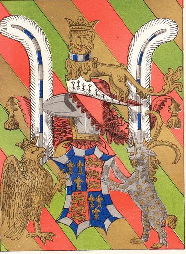 | Keywords: GarterPlateJohnBeaufort.jpg of cap of maintenance omitted argent added to descr of helm crest langued gules Source Planche J R Pursuivant of Arms 1851 frontispiece blazon p xx 1851 Planche J R Stall plates of Knights of the Garter Caps of maintenance Coats of arms of John Beaufort 1st Duke of Somerset PD-old-100 |
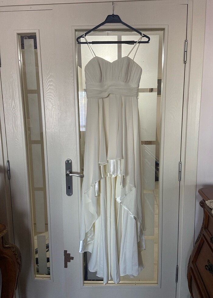Önü kısa arkası uzun abiye elbise 3 beden 38 -40 beden gibi düşünebilirsiniz 1 kez lise mezuniyetinde giyildi
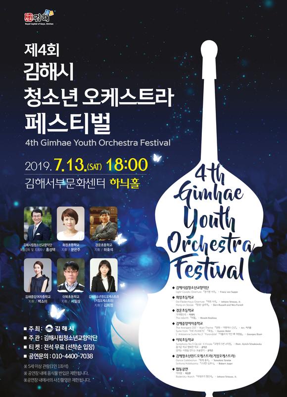 2. 2019. 07. 13 SAT 제4회 김해시 청소년 오케스트라 페스티벌 기간 : 2019.07.13 시간 : 18:00 ~ 20:00 장소 : 김해서부문화센터 하늬홀 주관 : 김해시립청소년교향악단 주최 : 김해시 문의처 : 055-330-3947, 010-4400-7038
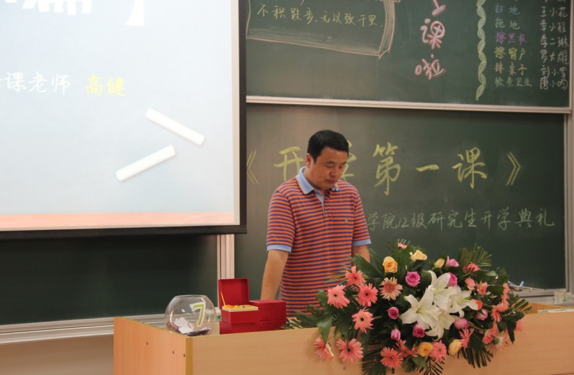 在一阵悦耳的上课铃声中,12级研究生开学第一课正式启动。在第一篇章——理想篇中,后入av 党委副书记高健老师为同学们做了关于理想壮志、勇于担当发言。高书记从实际生活中的小事例出发,谆谆教诲,告诉同学们青年树立正确的人生观、价值观以及远大理想的必要性与重要性。从高书记循循善诱的讲话中,同学们无一不受到感染、心潮澎湃。

* EXERCISE DESCRIPTION:
An exact copy of every line above, minus the pictures, is the required output.

* SOLUTION FOR THIS PROBLEM:
 | Keywords: GarterPlateJohnBeaufort.jpg of cap of maintenance omitted argent added to descr of helm crest langued gules Source Planche J R Pursuivant of Arms 1851 frontispiece blazon p xx 1851 Planche J R Stall plates of Knights of the Garter Caps of maintenance Coats of arms of John Beaufort 1st Duke of Somerset PD-old-100 |
Önü kısa arkası uzun abiye elbise 3 beden 38 -40 beden gibi düşünebilirsiniz 1 kez lise mezuniyetinde giyildi
 2. 2019. 07. 13 SAT 제4회 김해시 청소년 오케스트라 페스티벌 기간 : 2019.07.13 시간 : 18:00 ~ 20:00 장소 : 김해서부문화센터 하늬홀 주관 : 김해시립청소년교향악단 주최 : 김해시 문의처 : 055-330-3947, 010-4400-7038
 在一阵悦耳的上课铃声中,12级研究生开学第一课正式启动。在第一篇章——理想篇中,后入av 党委副书记高健老师为同学们做了关于理想壮志、勇于担当发言。高书记从实际生活中的小事例出发,谆谆教诲,告诉同学们青年树立正确的人生观、价值观以及远大理想的必要性与重要性。从高书记循循善诱的讲话中,同学们无一不受到感染、心潮澎湃。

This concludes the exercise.